The only person who'd be at all likely to give me a hug in the next day or so (other than Greg once he gets back) is Dad, and he doesn't really like Lenny, and he wants me to finish this essay. So I don't think I'm going to get to do the whole spend-a-few-hours-crying-and-being-held-because-I-miss-him-so-much bit.

...........................

Gods, sometimes I can't stand Dad. He just came in here and asked me how I'm doing, and I told him that I'm upset and depressed and distracting myself (which I am) and he got all pissy about it and told me "Fine. I quit. Go ahead and do the same, you suck, and you can have thousands of dollars of debt if you feel like it, I don't care." Not in so many words. But that's what he said.

And people say that my parents are all cool and shit... No. They're not. They're controlling, and domineering, and they don't like opinions or lifestyles any different from those they hold so dear. Look at how they turned on Lenny when they realized that he'd been living a "life of sin" (i.e., happiness of a sort, but not so upper-middle-class as they are).

........................

I wonder if he feels the same way... about me, I mean, not about them. I don't really care how they feel about him, at this point. Because while they may be in control of my life right now, they won't always, and he makes me a hell of a lot happier than they do.

He said he didn't want to string me along. I'm not worried that if he leaves me here and goes away, I'll get over him and not ever think of him again... but I am worried that me might do that, and that's why he said that.

I never told him that he was my first at everything. I'd never even had a boyfriend before him. No kisses, no hand holding, nothing.

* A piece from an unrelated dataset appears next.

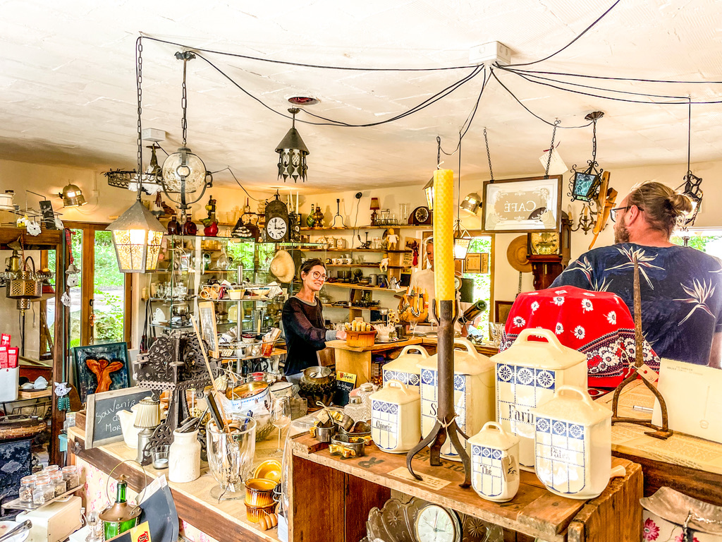 ‘Café-meets-brocante’ is het eerste wat dan in me opkomt, en het liefst met ons bed erin. Vier dagen later rijden we in de Morvan tegen ‘Petit Bonheur / Brocante Café’ van Monique en Elias aan. Binnen is het voor types zoals ik, die goed gaan op prikkels, een feest. Maar geen paniek: buiten op het terras, midden in het bos, zit je in een prikkelvrije zone met een koud drankje aan je lip. Superleuke plek! Ga er even kijken, winkelen en wat drinken. Als je een half uurtje doorrijdt, kom je vanzelf in Saint-Prix, waar Victor zijn bier brouwt en verkoopt in Café Le Braconnier.

Kind of like in "By The Sword", when Kero remembers that Shallan had always said that "The Ice Queen would fall one day, and when she fell, she'd fall hard." I've been very careful about romance and all that stuff. I didn't want to end up being stupid and giving the goods away like I'm going out of business, or anything like that... And this means that I spent enough time around somebody to make sure I could be friends with them before I decided whether or not I could be more than friends with them. And in so doing, for most of them, I realized that I wouldn't want to be more than friends. And others, I realized I wouldn't even want to be friends, let alone anything else.

With Lenny, it was sort of different. First, he was just what my image of Prince Charming (yeah, go ahead and laugh, I will too) said: he was tall, with dark hair, and green eyes, and really cute, at least to me. And he was funny. And he seemed to like me, too, which was really surprising. And after talking to him for two and a half hours, the fact that he was nearly eight years older than me, and smoked, didn't matter. I actually gave him my phone number, just because I liked him and he was friends with Shawn, and I sort of knew Shawn, but I trusted Nana and she trusted Shawn, and Shawn trusted Lenny... and that was enough, because I liked him.

And so we talked, and I really liked him, and he and I agreed on so many things. It seemed as though I'd known him for years. It still does.

And although I hate to risk making myself look really stupid and foolish and lovesick about this, it really hurts to have him gone... and I remember, around Thanksgiving, talking to him on the phone and actually crying because I wasn't going to see him for two whole weeks, which is nothing compared to this... and it's almost enough to make me believe in soulbonds or love at first sight...

God, I'm such a pity party, all in my own self...

Anyway, it's now 6:10 because I was doing other stuff while I wrote this, and then Dad talked to me for like an hour while I felt like hell.

He's actually managed to convince me that I'm right in thinking that the essay is a load of shit, and he'll support me in _not_ doing it. Which I'll probably need, when Mom finds out... >.<

So I guess I'll shut up now and all. You're probably sick of my whining already, aren't you?